* What to do:
Scan the listing below for the word "inside" and copy every line where it occurs.

* Data supplied:
^^^^^^^^

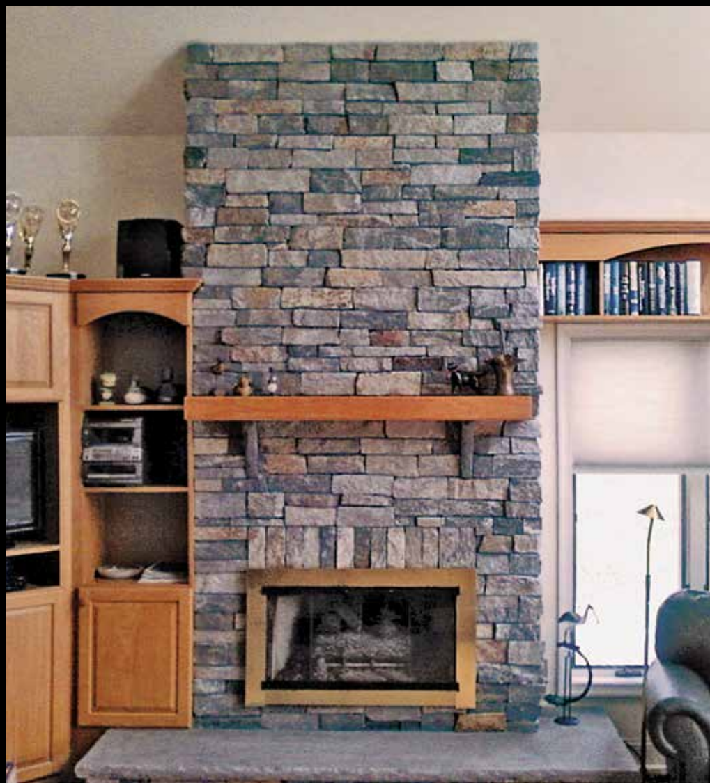
OLD RIVERBED LEDGE

The Oak Park Collection from Designer's Choice Stone isn't limited to just exteriors and facades. More and more, stone is finding its way inside homes. Stone brings warmth and character to stainless-steel kitchens. It introduces subtle color to bedrooms, dining rooms and bathrooms. With its dazzling array of tones and textures, our Oak Park Collection is an incredibly expressive building material.
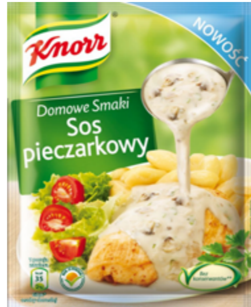
17245.Mushroom 27g (22)
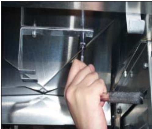
Removing bracket (bottom view)

a 7/16" combination wrench or 7/16" nutdriver will be required in order to hold the bolt head inside the control box.
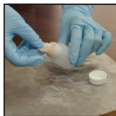
Insert in sample collection bottle and label.

^^^^^^^^

* Task response:
The Oak Park Collection from Designer's Choice Stone isn't limited to just exteriors and facades. More and more, stone is finding its way inside homes. Stone brings warmth and character to stainless-steel kitchens. It introduces subtle color to bedrooms, dining rooms and bathrooms. With its dazzling array of tones and textures, our Oak Park Collection is an incredibly expressive building material.
a 7/16" combination wrench or 7/16" nutdriver will be required in order to hold the bolt head inside the control box.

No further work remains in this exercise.